Specify Java system properties (JVM) or JavaScript parameters and environment variables for this test. These are applied on top of the default parameters unless you uncheck Default properties.
Prefix sensitive system properties with sensitive. and sensitive environment variables with SENSITIVE_ to exclude them from run snapshots.
Use the gatling.enterprise.groupedDomains Java system property to consolidate connection stats from many subdomains. For example, setting .foo.com, .bar.com groups sub1.foo.com and sub2.foo.com under *****.foo.com.
Define one or more SLOs that gate the run’s success. Each SLO is evaluated over the run duration and reports the percentage of seconds the condition was met.
FieldOptions
MetricError ratio, or Response time percentile (p50, p95, p99, p99.9, p99.99, p99.999, p99.9999)
OperatorLess than (<) or less than or equal ()
ThresholdMilliseconds (response time) or percentage (error ratio)
SLO compliance is colour-coded in the run summary:
  • 🟢 Green: ≥ 99% of seconds met the condition
  • 🟠 Orange: 90–99% of seconds met the condition
  • 🔴 Red: < 90% of seconds met the condition
Adding SLOs to a test overwrites any assertions defined in the simulation code. When SLOs are configured, code assertions are not evaluated.
Exclude warm-up and cool-down periods from SLO and assertion calculations.
FieldDescription
Ramp UpSeconds to exclude from the beginning of the run
Ramp DownSeconds to exclude from the end of the run
Ramp-up/down parameters are only applied when the run duration exceeds the sum of both values.
Terminate a run early when a metric exceeds a threshold for a given time window. Each criterion requires:
FieldDescription
MetricMean CPU usage, Global error ratio, or Global response time (at a specific percentile)
ThresholdThe value that triggers the stop condition
TimeframeDuration (in seconds) the metric must exceed the threshold continuously
Example: stop the run if mean CPU usage exceeds 80% for the last 60 seconds.
5

Save and launch

Click Save and Launch to persist the test configuration and immediately start a new run. You can also click Save to keep the configuration without starting a run, then launch it later from the tests table.

Managing existing tests

From the Tests view, use the kebab menu (⋮) at the far right of any row to:
  • Edit test — open the creation modal pre-filled with the current configuration
  • Duplicate test — clone the test to a new configuration you can modify independently
  • Copy test ID — copy the UUID for use in API calls
  • Delete test — permanently remove the test and its configuration
Deleting a test does not delete its historical run results. Run data remains accessible from the Trends view until explicitly deleted there.

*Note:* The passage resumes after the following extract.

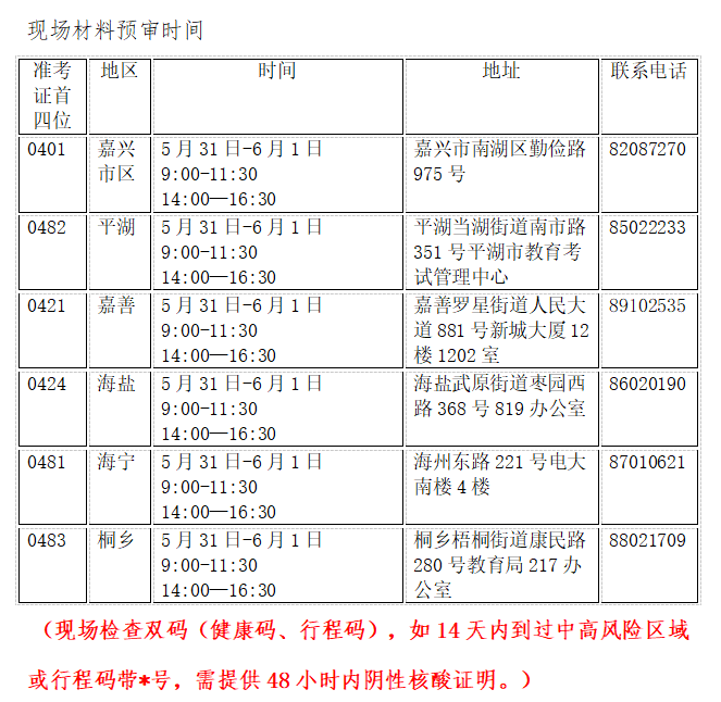 4.由于疫情原因本次现场办理考生请配合做好防控工作。(现场检查双码(健康码、行程码),如14天内到过中高风险区域或行程码带*号,需提供48小时内阴性核酸证明。)

Default load generator parameters

Organization-wide default parameters (Java system properties, JS parameters, environment variables) can be set from the top-right button on the Tests view. These defaults propagate to every test unless a test explicitly opts out by unchecking Default properties.
Default parameters are a convenient way to inject environment-specific configuration (such as target host URLs or feature flags) across all tests without duplicating settings.